Microsoft says this week’s five-hour Microsoft 365 worldwide outage was caused by a change in the router’s IP address that led to packet forwarding problems between all other routers in its Wide Area Network (WAN).
Redmond said at the time that the outage was due to DNS and WAN network configuration issues caused by a WAN update, and that users across all regions served by the affected infrastructure were having trouble accessing the affected Microsoft 365 services.
The issue led to service impact in waves peaking approximately every 30 minutes as shared on the Microsoft Azure service status page (this status page was also impacted as it intermittently displayed “504 Gateway Timeout” errors).
The list of services affected by the outage included Microsoft Teams, Exchange Online, Outlook, SharePoint Online, OneDrive for Business, PowerBi, Microsoft 365 Admin Center, Microsoft Graph, Microsoft Intune, Microsoft Defender for Cloud Apps and Microsoft Defender for Identity,
In total, it took Redmond over five hours to fix the problem, from 7:05 UTC, where it began investigating, until 12:43 UTC when service was restored.
“Between 07:05 UTC and 12:43 UTC on January 25, 2023, customers experienced network connectivity issues manifesting as long network latency and/or timeout when attempting to connect to resources hosted in Azure regions, as well as other Microsoft services, including Microsoft 365 and Power Platform,” Microsoft said in a preliminary post-incident report published today.
“While most regions and services were restored by 09:00 UTC, intermittent packet loss issues were fully resolved by 12:43 UTC. This incident also affected Azure Government cloud services that rely on the Azure public cloud.”
We have confirmed that the affected services have been restored and remain stable. We are investigating a potential impact to the Exchange Online service.

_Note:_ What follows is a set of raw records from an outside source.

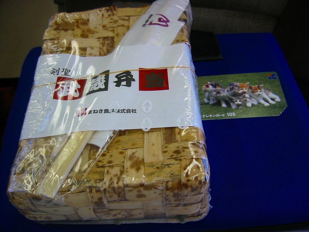 NHK大河ドラマ「武蔵MUSASHI」の放映を記念して、2002(平成14)年11月30日に発売。2001年発売の「21世紀出陣弁当」から各地の駅弁で使われ始めた竹籠容器を使用、さらに笹の葉を敷いて雰囲気を出して、中身は白飯黒胡麻の三角おにぎりがふたつと、月見玉子に焼き鳥に煮物の数々、そしてメザシを二本刺して武蔵の二刀流を表現。価格の割に中身が少ないような気はするが、雰囲気が良く売れそうな駅弁。現在は売られていない模様。
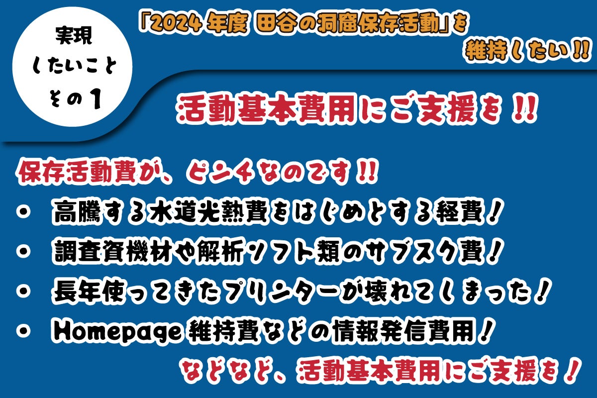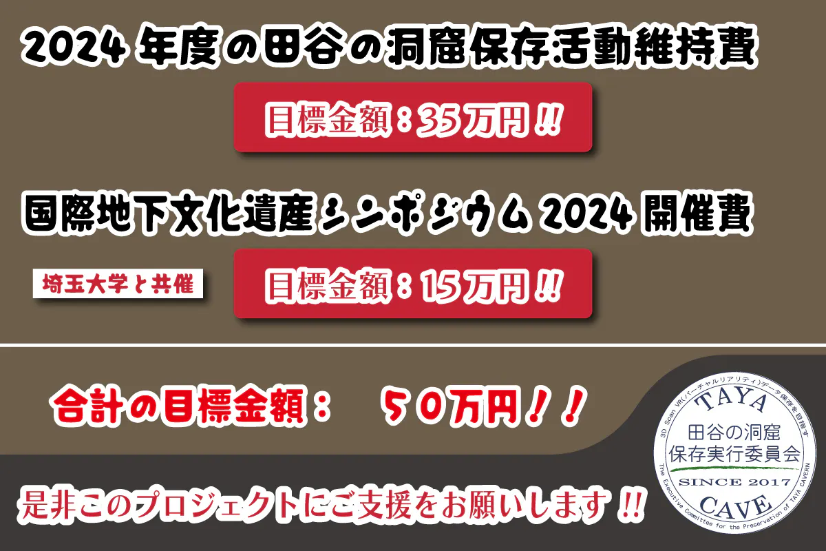 田谷の洞窟保存活動を維持するための緊急クラウドファンディングにご支援をお待ちしております!
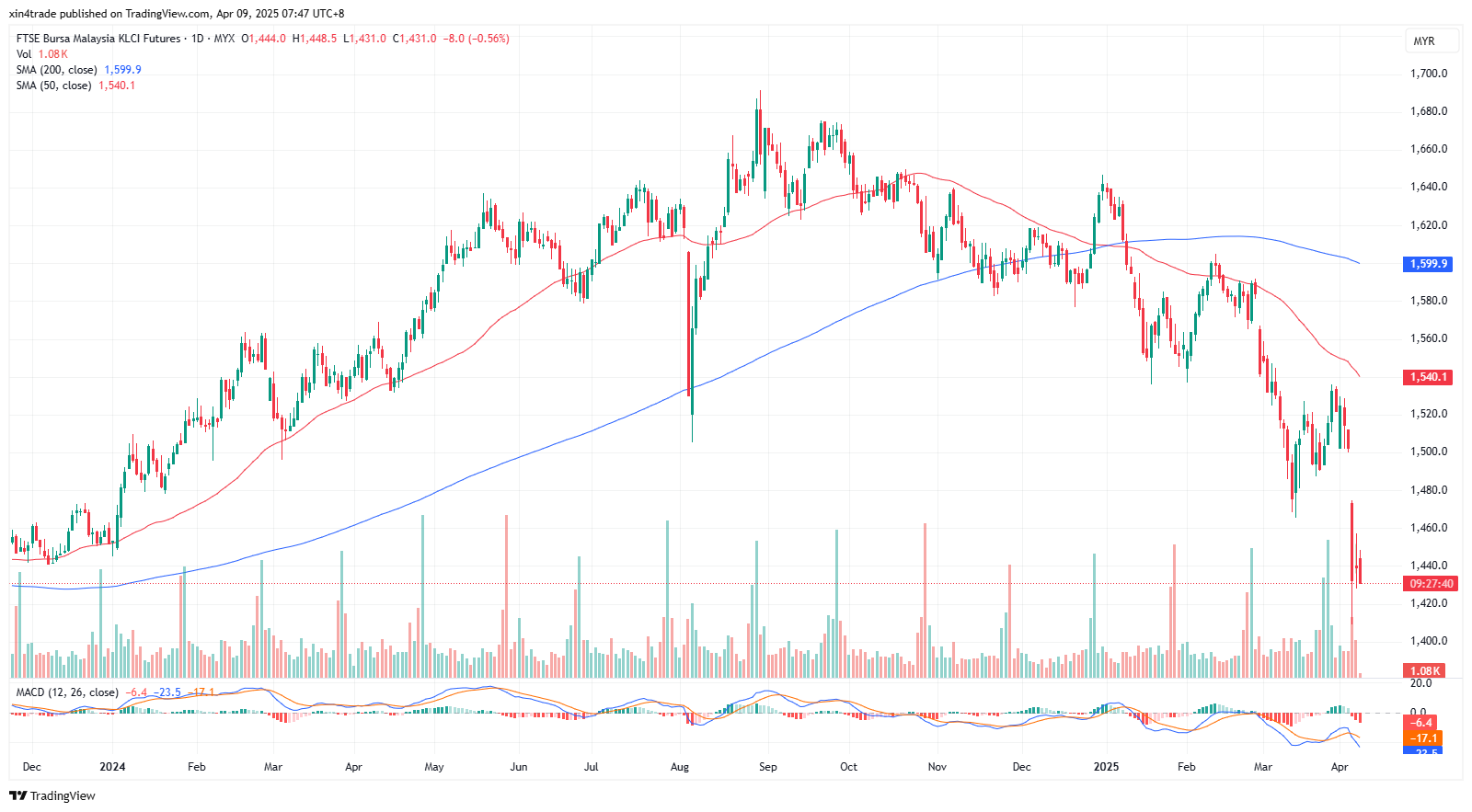 FKLI Apr month rose 6.5 points or 0.45% to closed higher at 1439. The FBM KLCI saw a brief rebound on Tuesday but ended lower, diverging from regional markets. This follows Monday’s sharp selloff, which dragged the index to a 16-month low amid heavy selling pressure.
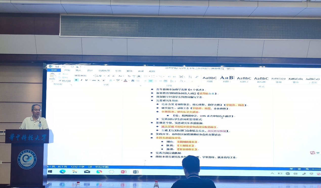 副经理欧阳红兵总结了2022上半年本科教学、专业建设、员工培养等方面的工作和取得的成效。
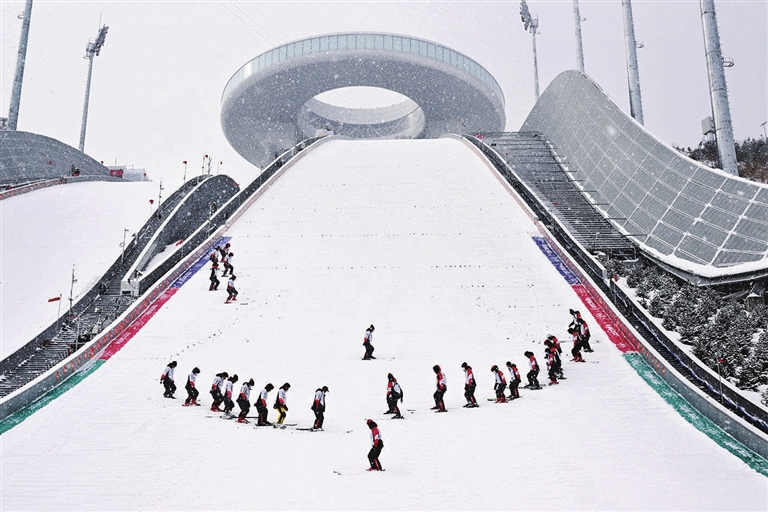 国家跳台滑雪中心赛场内,工作人员在整理赛道。
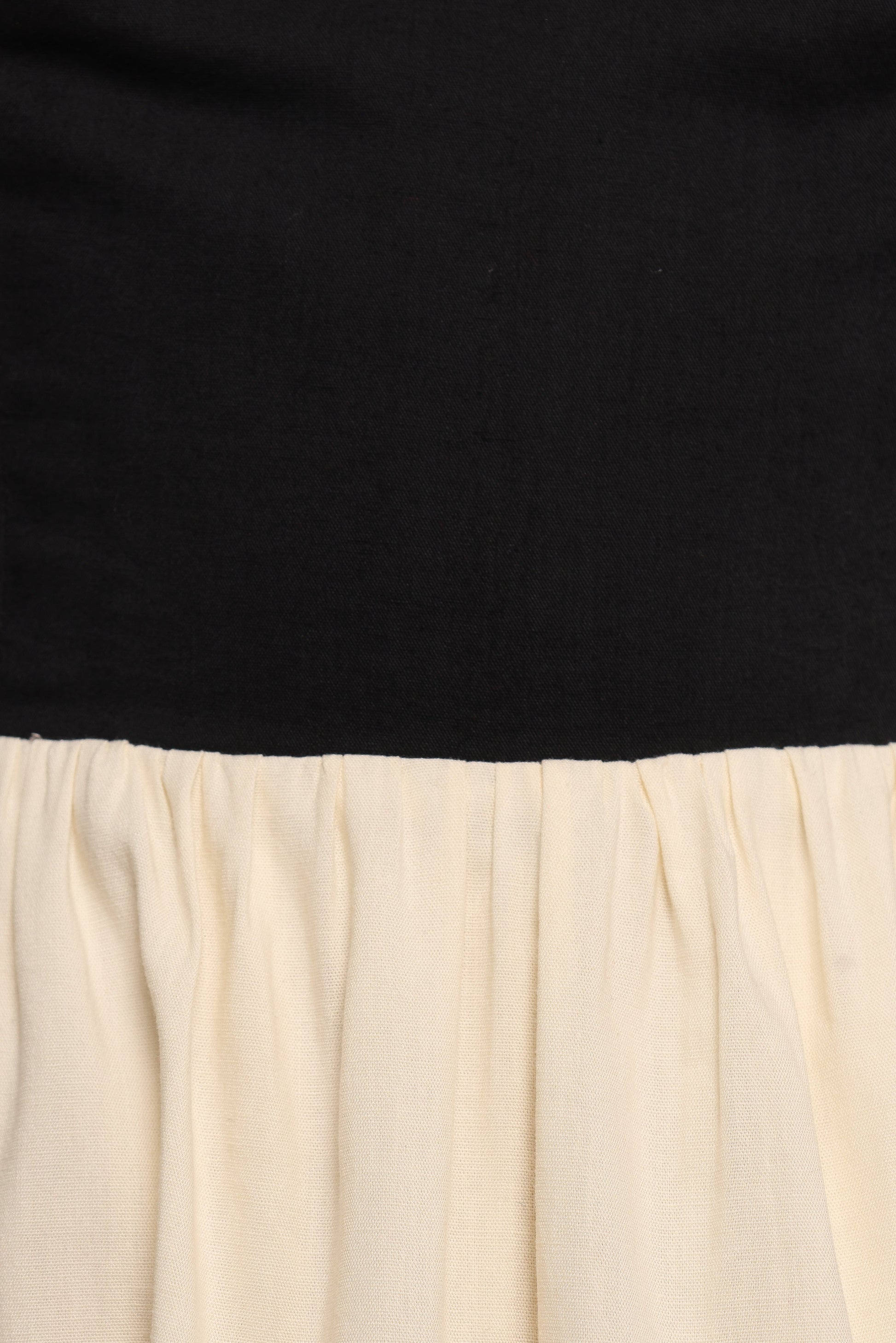 DETAILS This stunning piece combines a modern square neckline with an elasticised halterneck, offering both comfort and style in one graceful design. The cream contrast A-line skirt adds a touch of sophistication that flows beautifully with every step.
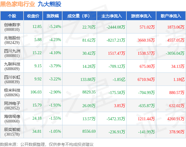 个股表现方面,黑色家电行业当日领跌股为创维数字(000810),该股当日报收12.85,下跌5.24%,成交量22.7万,主力资金净流出2444.08万元。兆驰股份(002429)以下跌4.23%紧随其后,该股当日成交量81.62万,主力资金净流出8217.21万元。除此之外,四川九洲(000801)、九联科技(688609)、四川长虹(600839)均进入当日熊股之列。具体个股列表见下表:
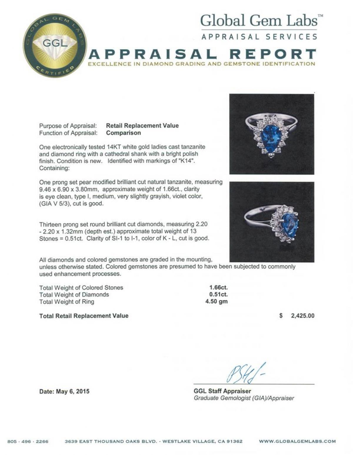 One electronically tested 14KT white gold ladies cast tanzanite and diamond ring with a cathedral shank with a bright polish finish. Identified with markings of "K14". Condition is new. Containing: One prong set pear modified brilliant cut natural tanzanite, measuring 9.46 x 6.90 x 3.80mm, approximate weight of 1.66ct., clarity is eye clean, type I, medium, very slightly grayish, violet color, (GIA V 5/3), cut is good. Thirteen prong set round brilliant cut diamonds, measuring 2.20 - 2.20 x 1.32mm (depth est.) approximate total weight of 13 Stones = 0.51ct. Clarity: SI-1 to I-1. Color: K - L, Cut is Good. All diamonds and colored gemstones are graded in the mounting, unless otherwise stated. Colored gemstones are presumed to have been subjected to commonly used enhancement processes.. Total Weight of Colored Stones 1.66ct. Total Weight of Diamonds 0.51ct. Total Weight of Ring 4.50 grams. GGL Appraised.
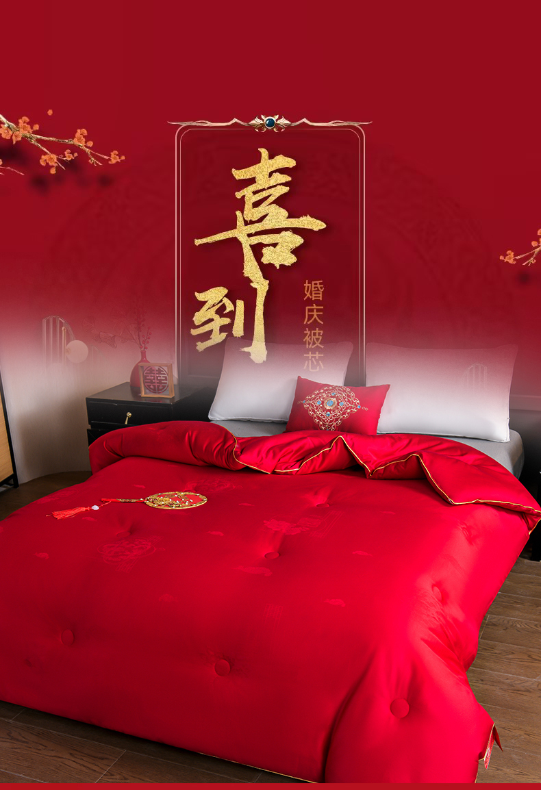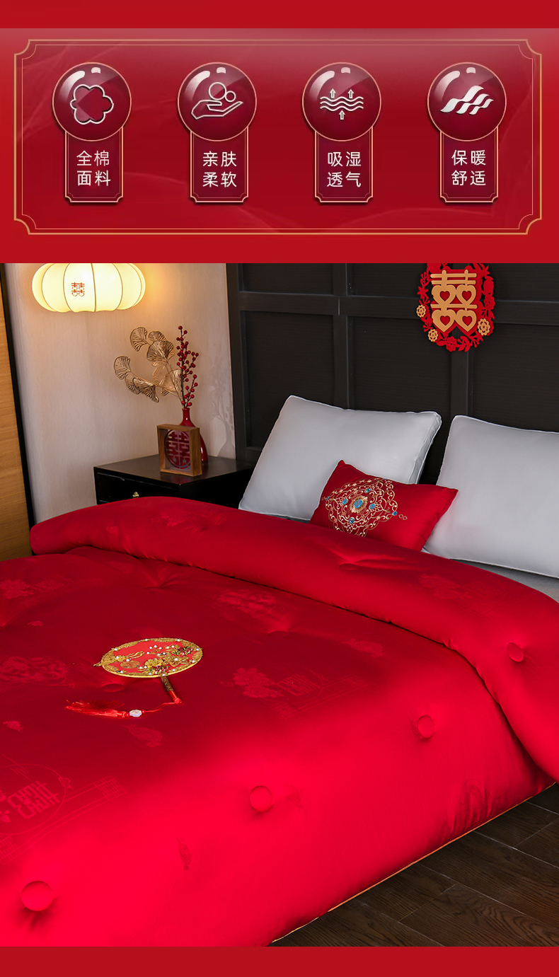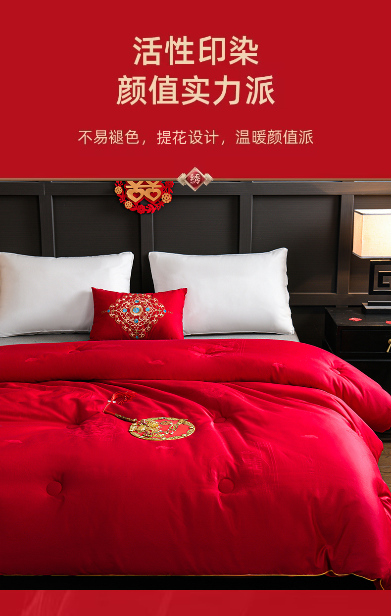 (总)壹张床2025新款婚庆水洗棉大豆冬被,大喜日子
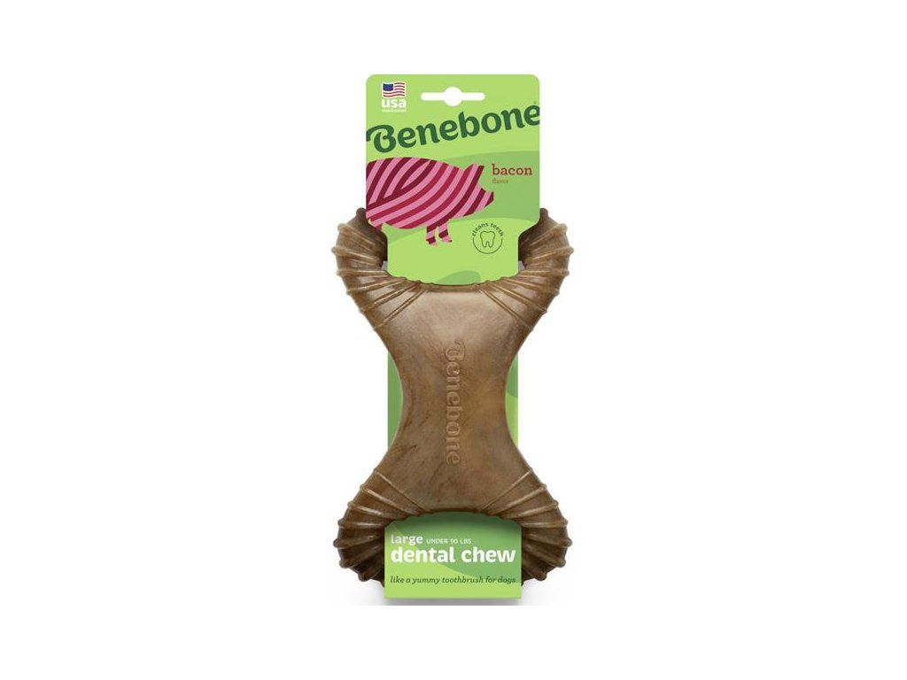 Dentální hračka pro psy Benebone Dental Chew slanina vel. L, 21,1 × 11,4 cm
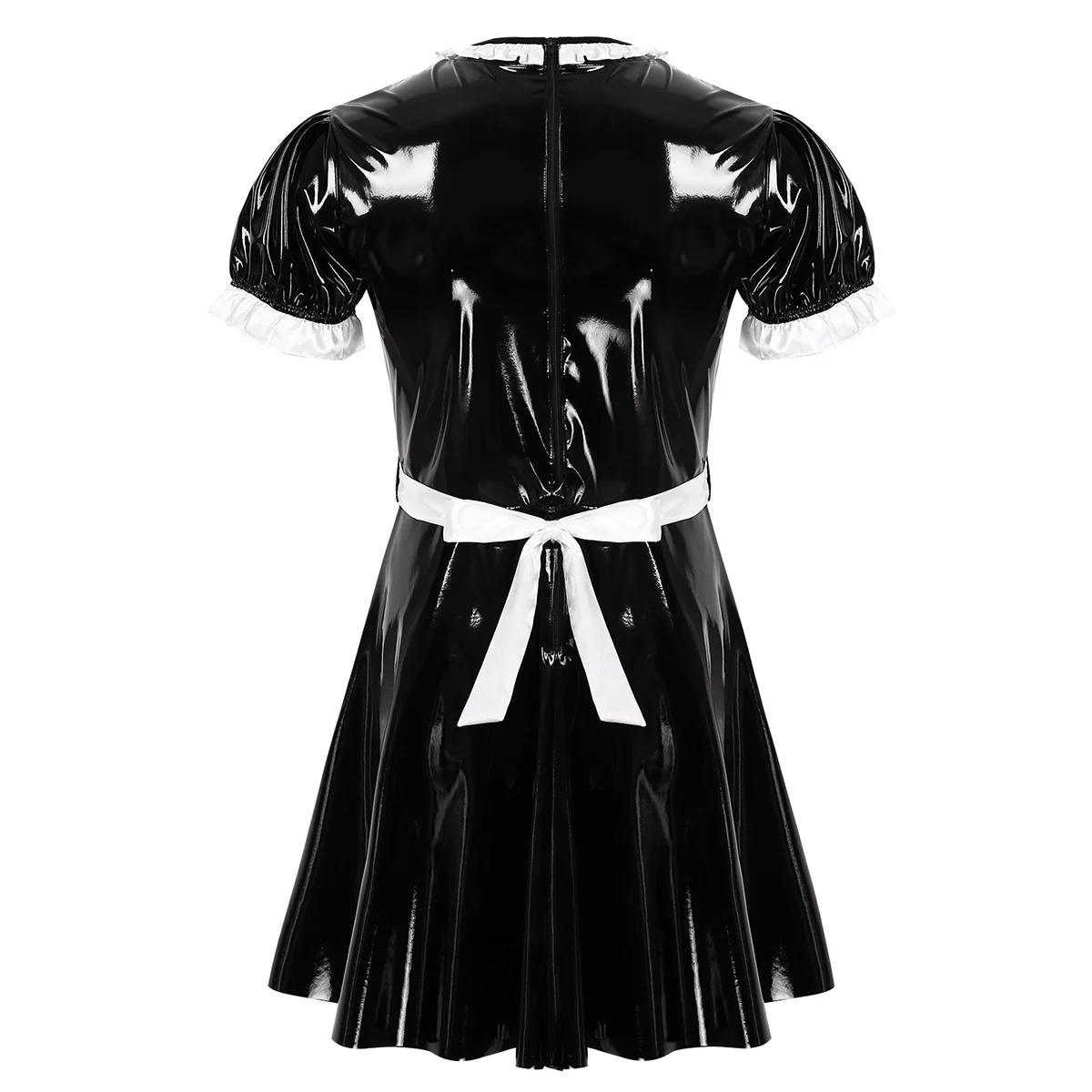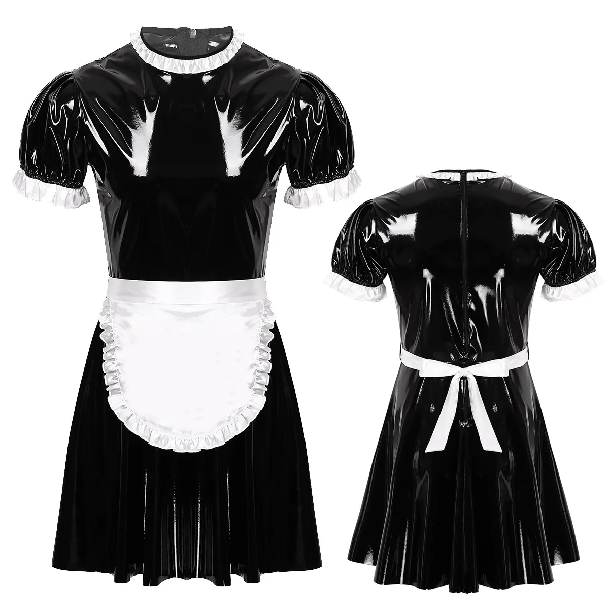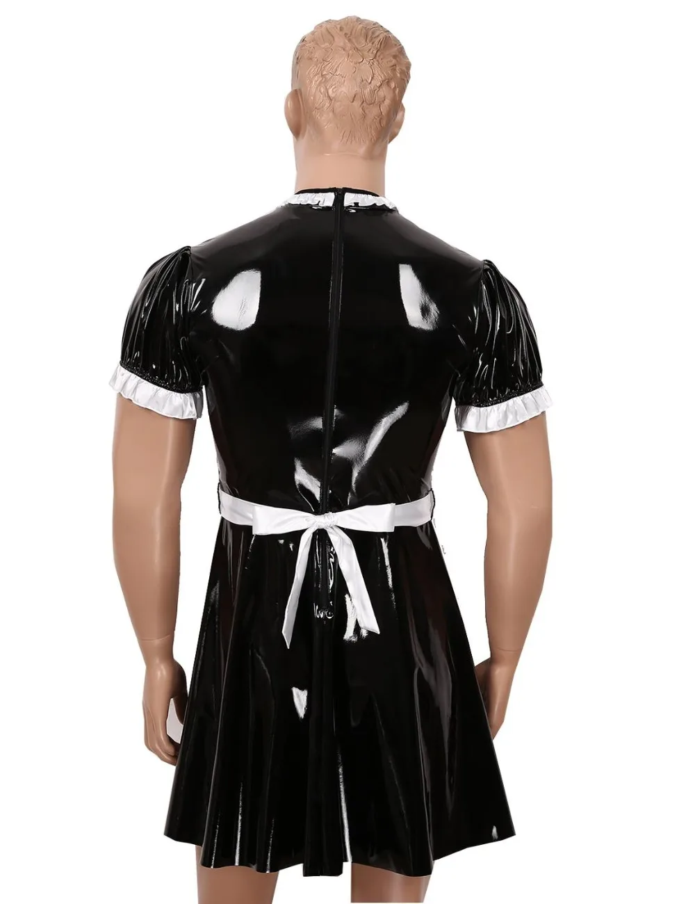 Особенности:Мужская одежда для косплея, костюм горничной, костюм с фартуком, скрытая молния сзади.Гофрированное платье с круглым вырезом и короткими рукавами-фонариками, длиной выше колена, со съемным белым атласным галстуком-фартуком на талии.Изготовлен из высококачественной лакированной кожи, мягкий и удобный в носке, гладкий на ощупь, сделает вас соблазнительной и соблазнительной.Идеально подходит для клубной одежды, ролевых игр, костюмированной вечеринки, карнавала, тематической вечеринки и Хэллоуина.Пожалуйста, внимательно проверьте таблицу размеров перед покупкой, рекомендуется ручная стирка.

Additionally, updates on the Exchange investigation will be available in your admin center under SI# EX502694.
— Microsoft 365 Status (@MSFT365Status) 25 January 2023
Microsoft now also revealed that the problem was triggered when changing the IP address of a WAN router using a command that had not been thoroughly researched and has different behavior on different network devices.
“As part of a planned change to update the IP address of a WAN router, a command given to the router caused it to send messages to all other routers in the WAN, resulting in them all recalculating their neighbor and forwarding tables.” Microsoft said.
“During this recalculation process, the routers were unable to properly forward packets traversing them.”
While the network began to recover from 08:10 UTC, the automated systems responsible for maintaining Wide Area Network (WAN) health paused due to the impact on the network.
These systems included those for identifying and eliminating unhealthy devices as well as traffic engineering systems for optimizing data flow across the network.
As a result of the outage, some network paths continued to experience increased packet loss from 9:35 UTC until the systems were manually rebooted, returning the WAN to optimal operating conditions and completing the recovery process at 12:43 UTC.
Following this incident, Microsoft says it is now blocking highly impactful commands from being executed, and will also require all command execution to follow guidelines for secure configuration changes.